At some point in the future my plan was to create the XML files manually using Linq2Xml. 在将来的某个时候,我的计划是使用Linq2Xml手动创建XML文件。 An xlsx is just a zip file renamed with XML files making up the content of the workbook and worksheets. xlsx只是一个用XML文件重命名的zip文件,它构成了工作簿和工作表的内容。 So, you could create an empty xlsx using EPP, save it, open it as a zip, pull out sheet1.xml and add the data content via string manipulation. 因此,你可以使用EPP创建一个空的xlsx,保存它,打开它作为zip,拉出sheet1.xml并通过字符串操作添加数据内容。 You would also have to work on the sharedstring.xml file which Excel uses to help keep the file size down. 您还必须处理Excel用于帮助保持文件大小的sharedstring.xml文件。 There are probably other xml files that will need updating as well with keys or name. 可能还有其他xml文件需要更新以及密钥或名称。

If you rename any xlxs to a .zip extension you can see this. 如果您将任何xlxs重命名为.zip扩展名,您可以看到这一点。

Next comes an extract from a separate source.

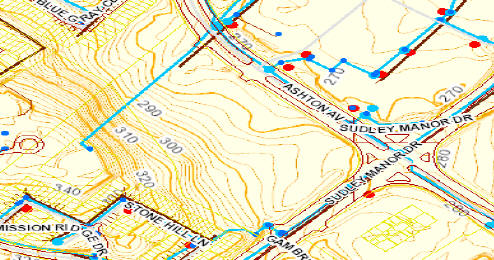 Below, topography and water /sewer illustrated Click HERE for detailed PDF with Legend.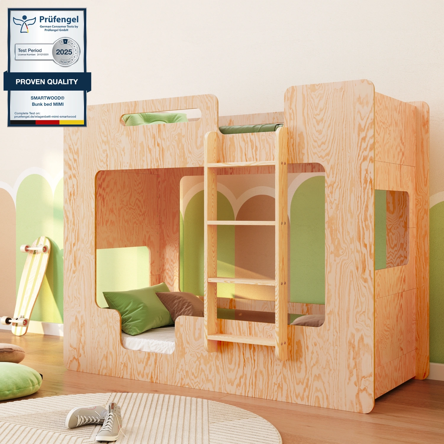 MIMI B to piętrowe łóżko, które łączy funkcjonalność z troską o bezpieczeństwo najmłodszych. Stwórz przyjazne i praktyczne miejsce do snu i zabawy dla swoich dzieci!

Example sheet1.xml: 示例sheet1.xml:

简单的Excel文件示例

<?xml version="1.0" encoding="UTF-8" standalone="yes"?>
<worksheet xmlns="http://schemas.openxmlformats.org/spreadsheetml/2006/main" xmlns:r="http://schemas.openxmlformats.org/officeDocument/2006/relationships" xmlns:mc="http://schemas.openxmlformats.org/markup-compatibility/2006" mc:Ignorable="x14ac" xmlns:x14ac="http://schemas.microsoft.com/office/spreadsheetml/2009/9/ac">
    <dimension ref="A1:C2"/>
    <sheetViews>
        <sheetView tabSelected="1" workbookViewId="0">
            <selection activeCell="C5" sqref="C5"/>
        </sheetView>
    </sheetViews>
    <sheetFormatPr defaultRowHeight="15" x14ac:dyDescent="0.25"/>
    <sheetData>
        <row r="1" spans="1:3" x14ac:dyDescent="0.25">
            <c r="A1" t="s">
                <v>0</v>
            </c><c r="B1" t="s">
                <v>1</v>
            </c><c r="C1" t="s">
                <v>0</v>
            </c>
        </row>
        <row r="2" spans="1:3" x14ac:dyDescent="0.25">
            <c r="A2" t="s">
                <v>1</v>
            </c><c r="B2" t="s">
                <v>0</v>
            </c><c r="C2" t="s">
                <v>1</v>
            </c>
        </row>
    </sheetData>
    <pageMargins left="0.7" right="0.7" top="0.75" bottom="0.75" header="0.3" footer="0.3"/>
</worksheet>

Example sharedstrings.xml: 示例sharedstrings.xml:

<?xml version="1.0" encoding="UTF-8" standalone="yes"?>
<sst xmlns="http://schemas.openxmlformats.org/spreadsheetml/2006/main" count="6" uniqueCount="2">
    <si>
        <t>AA</t>
    </si>
    <si>
        <t>BB</t>
    </si>
</sst>

You can see how I did xml manipulation in my other post: 您可以在我的其他帖子中看到我如何进行xml操作:

Create Pivot Table Filters With EPPLUS 使用EPPLUS创建数据透视表过滤器

Sorry I couldnt give you a better answer but hopefully that helps. 对不起,我无法给你一个更好的答案,但希望这有帮助。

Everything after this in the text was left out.